For TextVQA and VizWiz we expect annotations to be formatted differently than the original datasets. We provide the custom annotations in `open_flamingo/open_flamingo/eval/data/`. We have also uploaded all the annotation files in a [huggingface dataset](https://huggingface.co/datasets/openflamingo/eval_benchmark/tree/main) for easy access.

# Evaluating using RICES (Retrieval-based In-Context Example Selection)

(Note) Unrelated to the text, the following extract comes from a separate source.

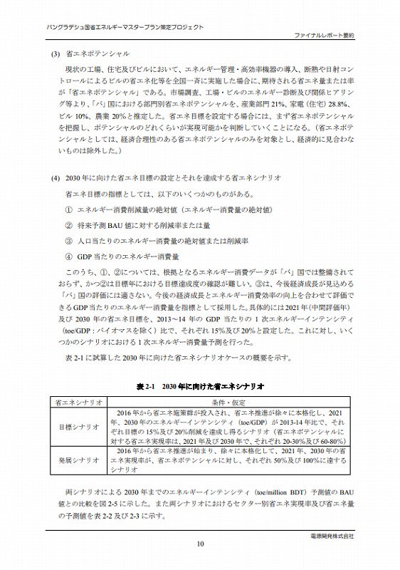 現状の工場、住宅及びビルにおいて、エネルギー管理・高効率機器の導入、断熱や日射コントロールによるビルの省エネ化等を全国一斉に実施した場合に、期待される省エネ量または率が「省エネポテンシャル」である。市場調査、工場・ビルのエネルギー診断及び関係ヒアリング等より、「バ」国における部門別省エネポテンシャルを、産業部門 21%、家電(住宅)28.8%、ビル10%、農業20%と推定した。省エネ目標を設定する場合には、まず省エネポテンシャルを把握し、ポテンシャルのどれくらいが実現可能かを判断していくことになる。(省エネポテンシャルとしては、経済合理性のある省エネポテンシャルのみを対象とし、経済的に見合わな

We provide the option to evaluate using RICES, which is a method for selecting exemplars from the training set based on image similarity. This method was used in DeepMind's implementation for evaluating on ImageNet, but can be used for any dataset in our evaluation suite.

To use RICES, you must first create features for a benchmark's training set. We provide a script for doing so in `open_flamingo/open_flamingo/scripts/cache_rices_features.py`. This script will extract image features for a given dataset using a given CLIP model checkpoint. For example, to extract features for the COCO training set, you can run:

```bash
python cache_rices_features.py \
  --vision_encoder_path ViT-L-14 \
  --vision_encoder_pretrained openai \
  --batch_size 128 \
  --eval_coco \
  --coco_train_image_dir_path /path/to/coco/train2014 \
  --coco_val_image_dir_path /path/to/coco/val2014 \
  --coco_karpathy_json_path /path/to/coco/dataset_coco.json \
  --coco_annotations_json_path /path/to/coco/annotations/captions_train2014.json \
  --output_dir /path/to/coco/features 
```

This will create a directory at `/path/to/coco/features` containing a file named `coco.pkl` with the extracted features. You can then use this directory to evaluate using RICES by passing the `--rices` flag to the evaluation script, specifying the path to the features directory using the `--cached_demonstration_features` flag, and specifying the vision encoder to use for RICES using the `--rices_vision_encoder_path` and `--rices_vision_encoder_pretrained` flags.